*What the task asks*.
The expected output is every line of the data exactly as shown, minus the images.

=== Dataset excerpt ===

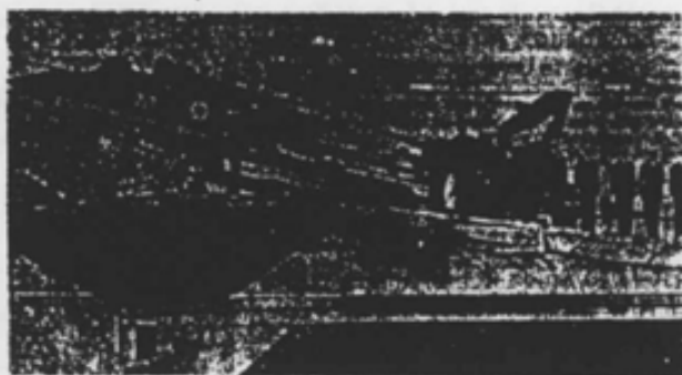
Entre los miembros de la tripulación del avión «Harris» figura el príncipe André, hijo de la reina Isabel II de Inglaterra, que se pide de despedida y que volvió junto a sus compañeros en el portaaviones «Invencible».

La principal dificultad para una acción militar en el archipiélago de las Malvinas reside en la lejanía de cualquier base naval británica (la más cercana, en la isla de Ascensión, se halla a cuatro mil millas). Para la mayoría de la flota argentina las islas se hallan, en cambio, a sólo 730 kilómetros. A este respecto, se esperaba ayer en este país que el Gobierno británico podría dejar de lado momentáneamente algunas objeciones y pedir la retirada de la flota británica para poder utilizar alguna de sus puertos como base de emergencia para la Royal Navy. Simultáneamente, el ministro de Defensa ha dispuesto también que los buques de la flota argentina puedan ser requisados al momento la Royal Navy y ha ordenado a los seleccionados que espieran alguna resistencia a las tropas de invasión argentinas. Mientras que Buenos Aires adhiere al control del archipiélago, el gobernador Rex Hunt explicó ayer en una conferencia de prensa que sus soldados causarían entre diez y quince muertos a las tropas argentinas. En lo que a la coincidencia es en que no hubo ni muertos ni heridos en el campo británico. El gobernador y los marines han llegado por vía aérea procedentes de
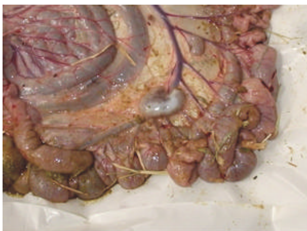
Fig. 3 - Aumento do linfonodo mesentérico.
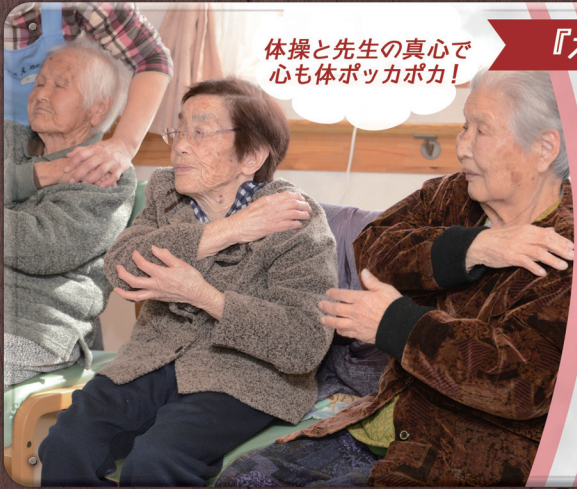
体操と先生の真心で 心も体ポッカポカ!

===

*Solution for this exercise*.
Entre los miembros de la tripulación del avión «Harris» figura el príncipe André, hijo de la reina Isabel II de Inglaterra, que se pide de despedida y que volvió junto a sus compañeros en el portaaviones «Invencible».

La principal dificultad para una acción militar en el archipiélago de las Malvinas reside en la lejanía de cualquier base naval británica (la más cercana, en la isla de Ascensión, se halla a cuatro mil millas). Para la mayoría de la flota argentina las islas se hallan, en cambio, a sólo 730 kilómetros. A este respecto, se esperaba ayer en este país que el Gobierno británico podría dejar de lado momentáneamente algunas objeciones y pedir la retirada de la flota británica para poder utilizar alguna de sus puertos como base de emergencia para la Royal Navy. Simultáneamente, el ministro de Defensa ha dispuesto también que los buques de la flota argentina puedan ser requisados al momento la Royal Navy y ha ordenado a los seleccionados que espieran alguna resistencia a las tropas de invasión argentinas. Mientras que Buenos Aires adhiere al control del archipiélago, el gobernador Rex Hunt explicó ayer en una conferencia de prensa que sus soldados causarían entre diez y quince muertos a las tropas argentinas. En lo que a la coincidencia es en que no hubo ni muertos ni heridos en el campo británico. El gobernador y los marines han llegado por vía aérea procedentes de
Fig. 3 - Aumento do linfonodo mesentérico.
体操と先生の真心で 心も体ポッカポカ!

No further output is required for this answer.